Gli Stati Uniti e la Russia stanno intensificando i contatti per raggiungere un accordo che consentirebbe di imporre un cessate il fuoco di 48 ore ad Aleppo, nel nord della Siria, e l’apertura di un corridoio umanitario.

Bambini in strada alla periferia di Aleppo (Reuters)
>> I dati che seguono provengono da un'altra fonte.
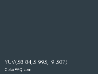 YUV 58.84,5.995,-9.507 Color is a dark blue color and the nearest color is Japanese Indigo #264348. Hex code #303e47 and RGB value is rgb(48,62,71). In RGB color space, this color is composed of 19% red, 24% green, 28% blue, In CMYK color space, this color is composed of 32% cyan, 13% magenta, 0% yellow , 72% black , In HSL color space, this color has a hue angle of 203° , 19% saturation and 23% lightness.
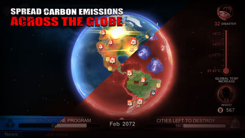 5、游戏的主场景正是我们生存的地球,温室效应愈发眼中而最终导致世界环境出现问题玩家扮演的角色则是加剧这一现象的推动者。你的任务就是提供二氧化碳的排量,加剧全球温室效应。而与玩家对抗的则是AI,它会做出相应的措施来阻止二氧化碳的排放,一场人机较量就此展开!

Lo hanno riferito questa mattina fonti diplomatiche all’emittente satellitare Al Arabiya. L’intesa sarebbe nient’affatto scontata e aspetti chiave dell’accordo sarebbero oggetto di discussione tra le parti, fra cui il segretario alla Difesa statunitense, Ash Carter, e i gruppi dell’opposizione siriana. In particolare, si starebbe trattando sul transito di aiuti umanitari attraverso una delle vie d’accesso al centro di Aleppo controllate dalle forze governative (nei check-point i militari del Governo di Damasco non avrebbero il permesso di ispezionare i carichi) e sulla possibilità che gli aerei di Bashar Al Assad si limitino a voli di ricognizione in modalità «non-combat» sulla zona. Da quanto trapela, l’intesa potrebbe portare a una condivisione d’informazioni d’intelligence tra Washington e Mosca che permetterebbe alle forze russe di effettuare nuovi raid contro il Fronte Al Nusra, ramo di Al Qaeda in Siria. Secondo le fonti l’accordo potrebbe essere annunciato dal segretario di Stato americano, John Kerry, e dal ministro degli Esteri russo, Serghiei Lavrov, già a partire da domani, più probabilmente all’inizio della prossima settimana. Proprio Kerry e Lavrov non erano riusciti la scorsa settimana a Ginevra a raggiungere il ben più ambizioso obiettivo d’imporre una tregua a livello nazionale. Nel frattempo, però, «la Turchia non permetterà che i curdi costituiscano un “corridoio del terrore” al nostro confine sud». Con queste parole, il presidente Recep Tayyip Erdoğan, ha ribadito la posizione di Ankara rispetto all’avanzata dei curdi siriani del Pyd e i fini dell’operazione Scudo dell’Eufrate, con la quale l’esercito turco ha fatto il proprio ingresso nel nord della Siria.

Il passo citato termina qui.